## AIM OF THE TASK
Using the data below, output a verbatim copy of the lines between the one holding "HESUSUSI gul anka" and the one holding "Honey is a female", inclusive, without any pictures.

======== DATA

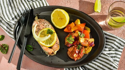Сочный стейк кижуча в духовке, пошаговый рецепт с фото на 811 ккал
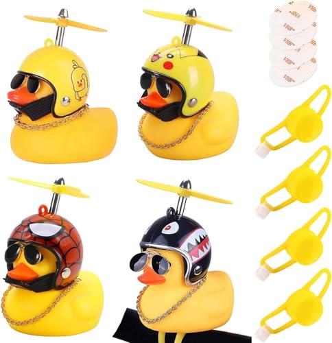 HESUSUSI gul anka cykel ornament, 4 stycken gummianka leksak gummi gul anka bil prydnad anka med propeller motorcykel med propellerhjälm och fästband för bil cykel hus dekoration
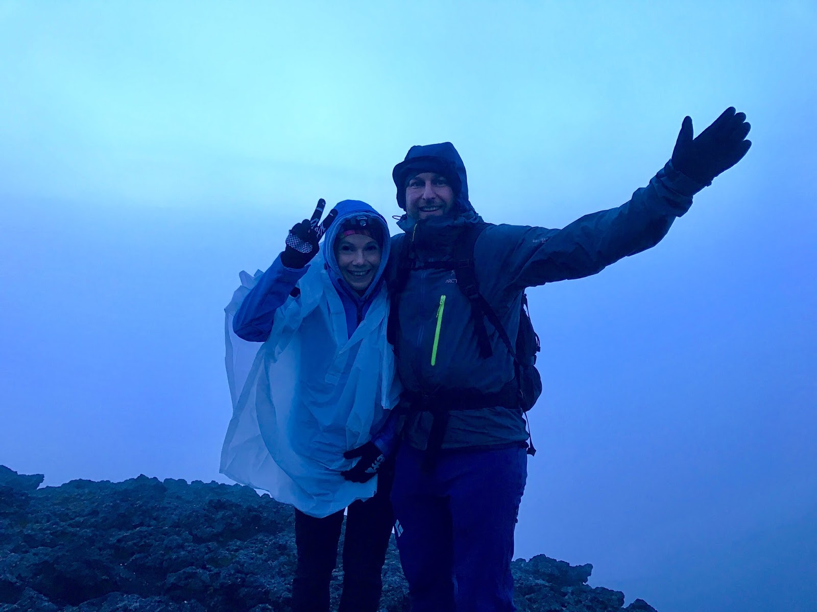 Päivä alkoi valjeta, ja pahin sumu hälveni sen verran, että saatoin nähdä tulivuoren kraaterin reunan kohoavan suoraan yläpuolellamme. Näky oli riemastuttava siitäkin syystä, että viimeistä etappia olimme nousseet aiempaa hitaammin. Alkoi näyttää siltä, että ajoituksemme oli täydellinen ja olisimme huipulla juuri auringon noustessa. Ilahtunut kiipeilytiimimme huuteli kannustushuutoja toisilleen, ja viimein kellon osuessa aamuviiteen nousimme viimeisen kivikon yli kraaterin reunalle.
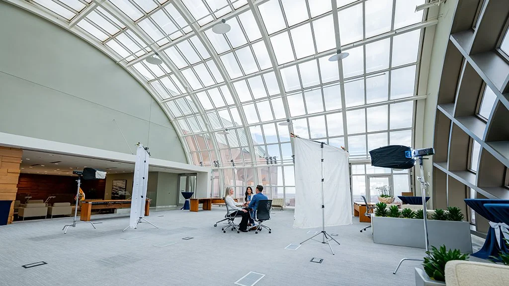 Even in stunning high-rise buildings with incredible views, some of the actual meeting spaces can feel visually flat. So we often repurpose larger, more architecturally compelling common areas — spaces with glass, light, wood paneling, and scale — and transform them into what feels like a high-level conference environment.
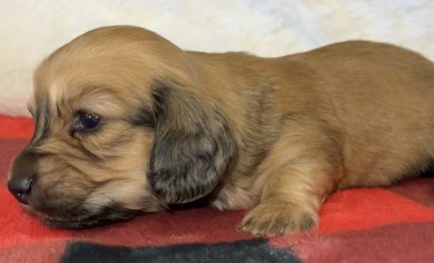 Honey is a female Dachshund. Carefully selected as a great representative of her breed, Becky decided to make her part of their program. Becky has passed Good Dog’s screening process, which involved a review of their breeding practices, environment, and the mental and physical health of their dogs.
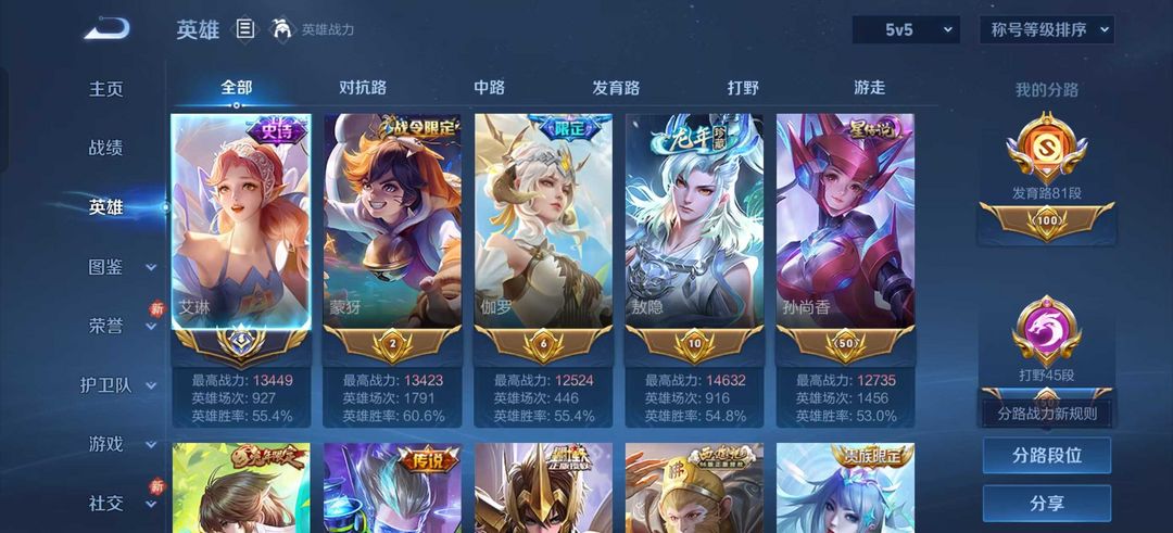 81段发育路⭐历史1.3w战力大国标艾琳⭐340高质量皮射手号⭐数十个金标⭐开黑带妹必备⭐绝活艾琳

================

## TASK RESPONSE
 HESUSUSI gul anka cykel ornament, 4 stycken gummianka leksak gummi gul anka bil prydnad anka med propeller motorcykel med propellerhjälm och fästband för bil cykel hus dekoration
 Päivä alkoi valjeta, ja pahin sumu hälveni sen verran, että saatoin nähdä tulivuoren kraaterin reunan kohoavan suoraan yläpuolellamme. Näky oli riemastuttava siitäkin syystä, että viimeistä etappia olimme nousseet aiempaa hitaammin. Alkoi näyttää siltä, että ajoituksemme oli täydellinen ja olisimme huipulla juuri auringon noustessa. Ilahtunut kiipeilytiimimme huuteli kannustushuutoja toisilleen, ja viimein kellon osuessa aamuviiteen nousimme viimeisen kivikon yli kraaterin reunalle.
 Even in stunning high-rise buildings with incredible views, some of the actual meeting spaces can feel visually flat. So we often repurpose larger, more architecturally compelling common areas — spaces with glass, light, wood paneling, and scale — and transform them into what feels like a high-level conference environment.
 Honey is a female Dachshund. Carefully selected as a great representative of her breed, Becky decided to make her part of their program. Becky has passed Good Dog’s screening process, which involved a review of their breeding practices, environment, and the mental and physical health of their dogs.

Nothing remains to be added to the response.